**DATA EXTRACT**
—————
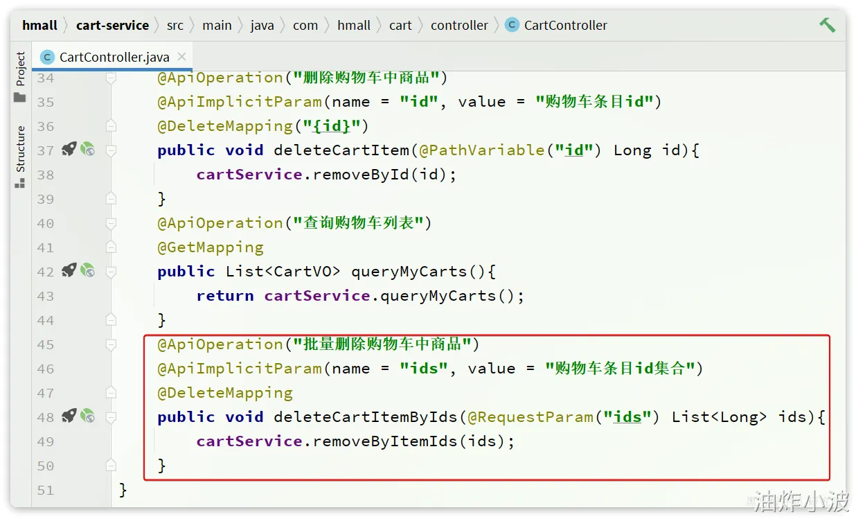 接下来是清理购物车商品,在cart-service中的对应业务接口如下:
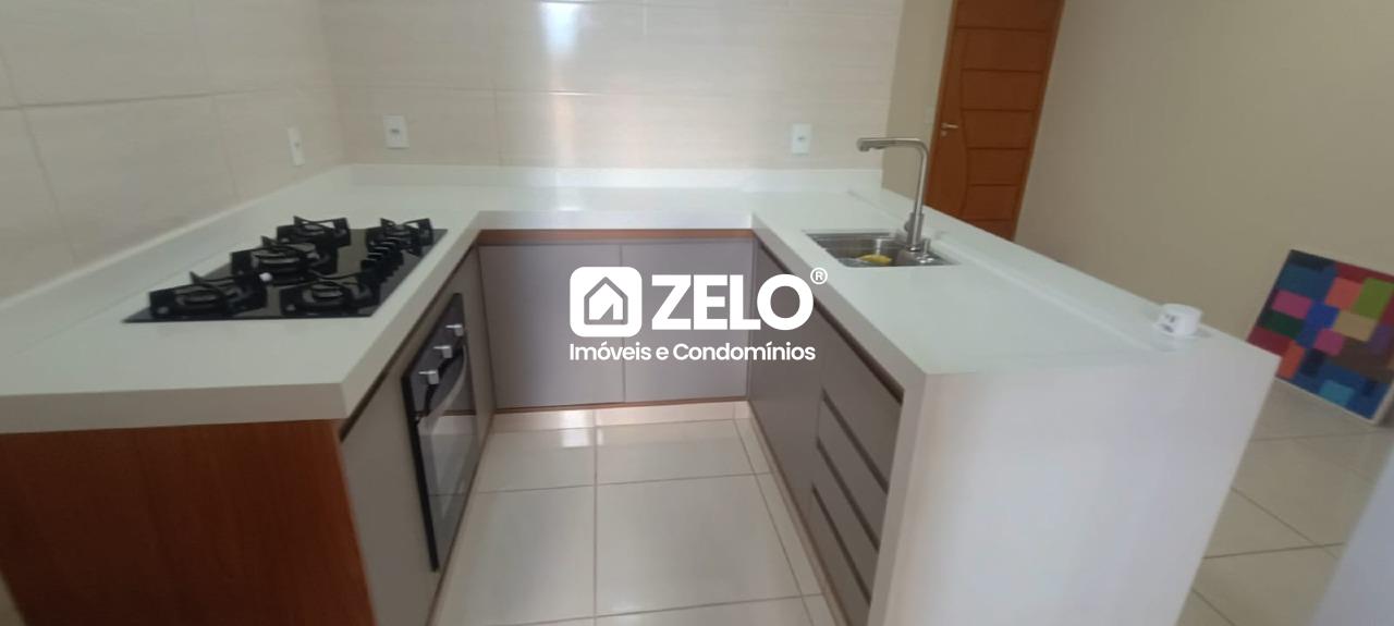 O imóvel conta com dois quartos, sendo uma suíte com ar-condicionado, e dois banheiros no total. A cozinha possui bancada em quartzo branco, armários planejados, cooktop e forno elétrico. A casa dispõe de portão basculante eletrônico e duas vagas de garagem.
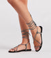 Give off a total glam vibe in these rhinestone lace-up sandals that will add a trendy sparkle! They feature an almond-shaped toe with a strap. an asymmetric strappy design that laces up the leg with mini rhinestone embellishments. and a comfortable flat sole. Style with a graphic tee and distressed denim shorts for an edgy look.
—————
**TASK INSTRUCTIONS**
Only lines belong in the copy: transcribe those from the start of the data through the line that contains "O imóvel conta", and skip the pictures.

**REPLY**
 接下来是清理购物车商品,在cart-service中的对应业务接口如下:
 O imóvel conta com dois quartos, sendo uma suíte com ar-condicionado, e dois banheiros no total. A cozinha possui bancada em quartzo branco, armários planejados, cooktop e forno elétrico. A casa dispõe de portão basculante eletrônico e duas vagas de garagem.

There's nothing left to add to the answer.